С лордом Кроуфордом, присутствовавшим здесь в полной парадной форме, с серебряным жезлом в руке, Квентин, как и читатель, был уже знаком. Из других обративших на себя его внимание самым замечательным был граф Дюнуа, сын знаменитого Дюнуа{75}, известного под именем Бастарда Орлеанского, который, сражаясь под знаменем Жанны д’Арк, сыграл такую видную роль в освобождении Франции из-под ига англичан. Сын его с честью носил славное имя отца и, несмотря на свое родство с королевским домом и на давнишнюю любовь к нему дворянства и народа, сумел благодаря своему честному, прямому и открытому характеру избежать подозрений даже со стороны недоверчивого Людовика, любившего видеть Дюнуа при себе и иногда даже призывавшего его для совета. Но, отличаясь храбростью, ловко владея оружием и обладая всеми качествами настоящего рыцаря, граф отнюдь не мог служить образцом красоты. Широкоплечий и коренастый, смуглый и черноволосый, с несоразмерно длинными мускулистыми руками, он был слишком мал ростом; к тому же у него были кривые ноги, что очень удобно для всадника, но не очень красиво для пешехода. Черты его лица были неправильны до безобразия, но в то же время в нем было столько достоинства и благородства, что с первого взгляда был виден мужественный дворянин и непобедимый воин. Смелая осанка, твердая, свободная поступь, орлиный взгляд и гордое выражение лица, когда он хмурил свои густые брови, искупали его безобразие. На нем был богатый, но не яркий охотничий костюм, так как он часто исполнял при короле обязанности главного ловчего, хотя, насколько нам известно, не занимал официально этой должности.
Под руку с Дюнуа, словно нуждаясь в поддержке своего родственника, медленно и задумчиво шел Людовик, герцог Орлеанский{76}, первый принц королевской крови (впоследствии король Людовик XII); стража отдала ему подобающую честь, а все присутствующие низко поклонились. Людовик относился с ревнивой подозрительностью к этому принцу, который должен был взойти на престол, если бы Людовик умер, не оставив наследника, и принц не смел отлучаться от королевского двора, при котором он не занимал никакой определенной должности и не пользовался ни популярностью, ни почетом. Такое унизительное положение, очень похожее на неволю, не могло не отразиться на характере несчастного принца, а в настоящее время привычная подавленность его усугублялась еще тем, что, как ему было известно, король замышлял против него величайшую несправедливость, какую только может совершить тиран: он хотел женить его силой на своей младшей дочери, принцессе Жанне, с которой принц с детства был обручен; но принцесса была так безобразна, что настойчивость короля была в данном случае возмутительной жестокостью.

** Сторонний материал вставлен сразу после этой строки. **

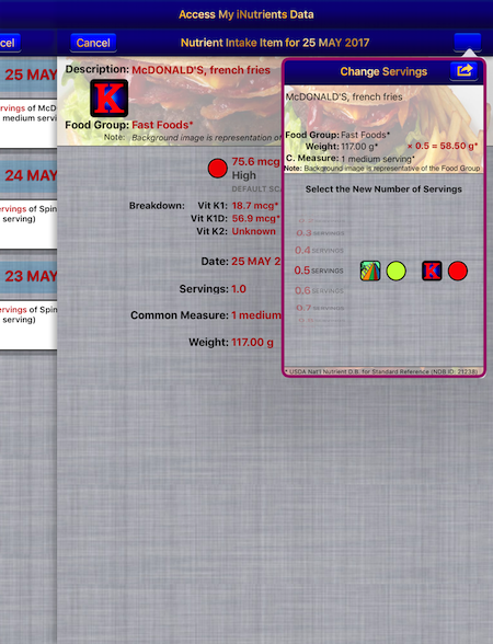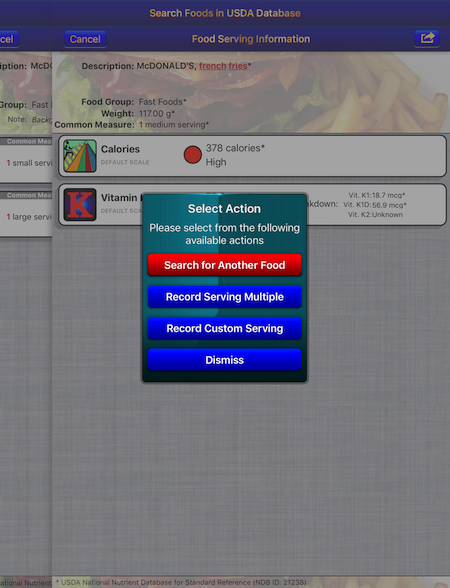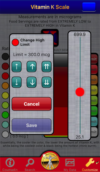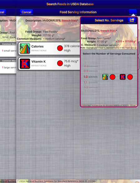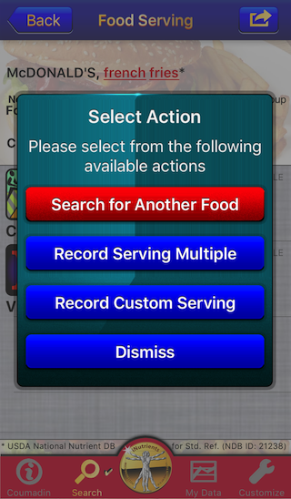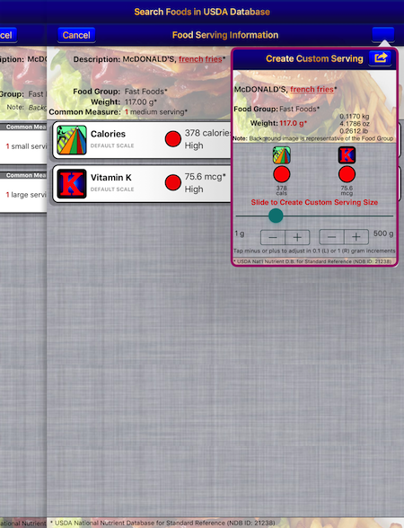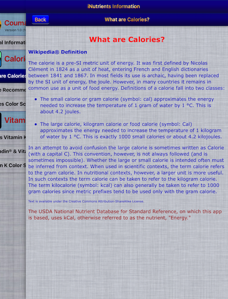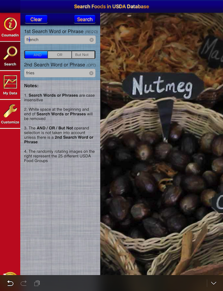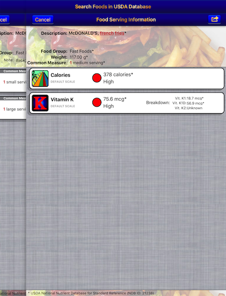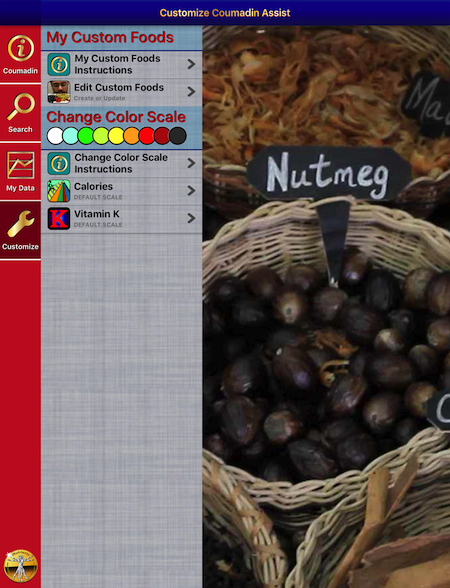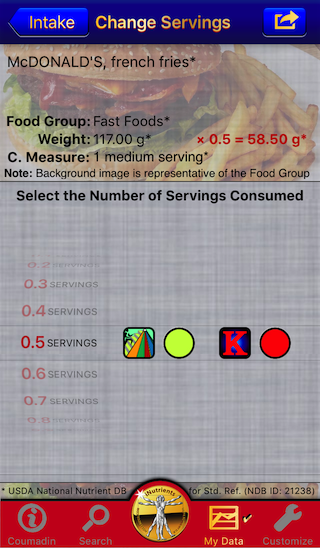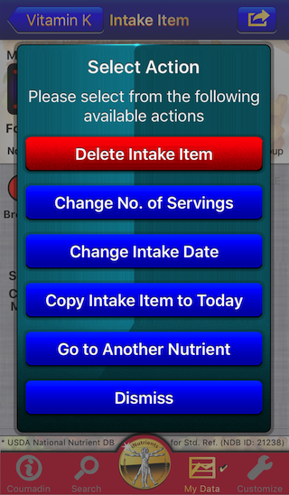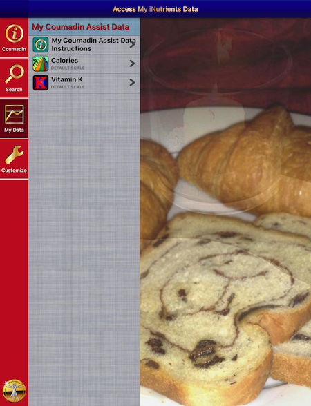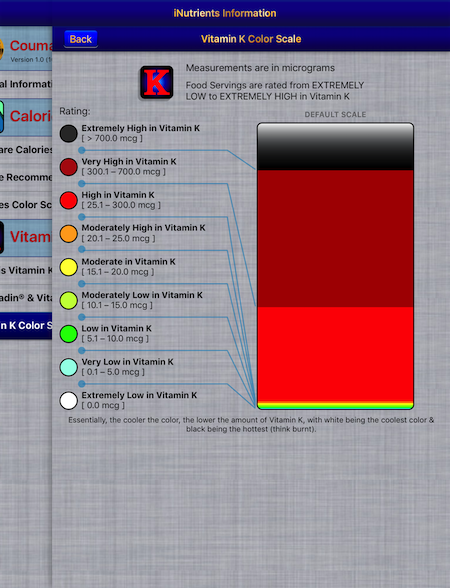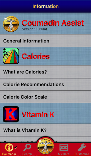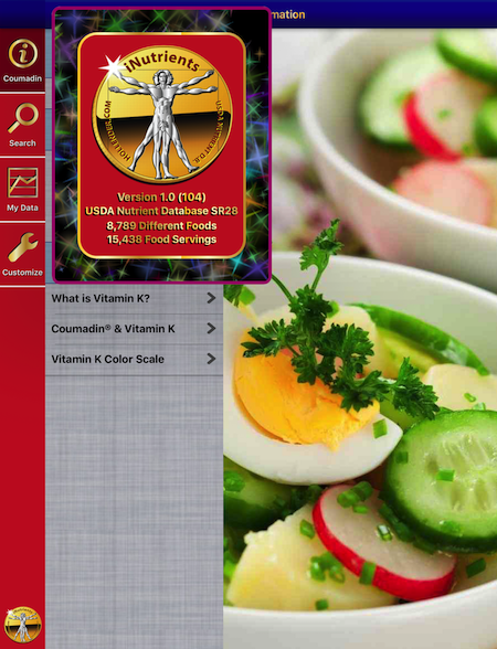 The Coumadin Assist app provides access to Nutrient data for 8,789 different foods and 15,438 different food servings based on the USDA National Nutrient Database for Standard Reference concerning nine different nutrients:

Внешность у этого злосчастного принца была самая заурядная, но видно было, что это человек добрый, кроткий и чистосердечный, несмотря на выражение уныния и отчаяния, постоянно омрачавшее его лицо. Квентин заметил, что принц старательно избегал смотреть на королевских стрелков, и, даже отвечая поклоном на отданную ему честь, он не поднял глаз, как будто боялся, что этот простой акт вежливости будет истолкован подозрительным королем как желание приобрести себе приверженцев среди его телохранителей.
Совершенно иначе держал себя гордый кардинал{77} и прелат Жан Балю, в то время один из министров – любимцев Людовика, напоминавший своим быстрым возвышением и характером Уолси{78}, если только можно установить подобное сходство при полной противоположности хитрого, осторожного Людовика и пылкого, сумасбродного Генриха VIII Английского. Людовик взял своего служителя из самого низкого слоя общества и поднял его до высокого звания или по крайней мере до огромного оклада великого раздатчика милостыни Франции{79}, осыпал бенефициями{80} и выхлопотал для него кардинальскую шапку; и хотя Людовик был слишком осторожен, чтобы облечь честолюбивого де Балю той неограниченной властью и доверием, какое Генрих питал к Уолси, тем не менее этот любимец Людовика имел на него такое влияние, каким не пользовался ни один из признанных его советников. Понятно после этого, что кардинал не избежал обычного заблуждения людей, неожиданно поднимающихся из самых низов к полноте власти. Ослепленный быстротой своего возвышения, он сразу уверовал в свою способность вести какие угодно дела, хотя бы даже такие, которые были ему совершенно чужды и непонятны. Высокий, на редкость неуклюжий, он преклонялся и рассыпался в любезностях перед прекрасным полом, что совсем не вязалось ни с его саном, ни с его манерами и фигурой. Какой-то льстец в недобрый час уверил его, что линии его огромных, толстых ног, унаследованных им от отца (по одним источникам – погонщика мулов из Лиможа, а по другим – мельника из Вердена), очень красивы. Кардинал до такой степени проникся этим убеждением, что постоянно приподнимал сбоку свою сутану, чтобы не лишать окружающих удовольствия лицезреть его объемистые ноги. Торжественно проходя по аудиенц-залу в своей пунцовой мантии и роскошной шапке, кардинал беспрестанно останавливался, чтобы взглянуть на вооружение шотландских стрелков, причем делал им замечания самым авторитетным тоном, а иногда даже распекал того или другого из них за то, что он называл отступлением от дисциплины, но в таких выражениях, что опытные воины, хоть и не смели ему возражать, слушали его с видимым презрением и досадой.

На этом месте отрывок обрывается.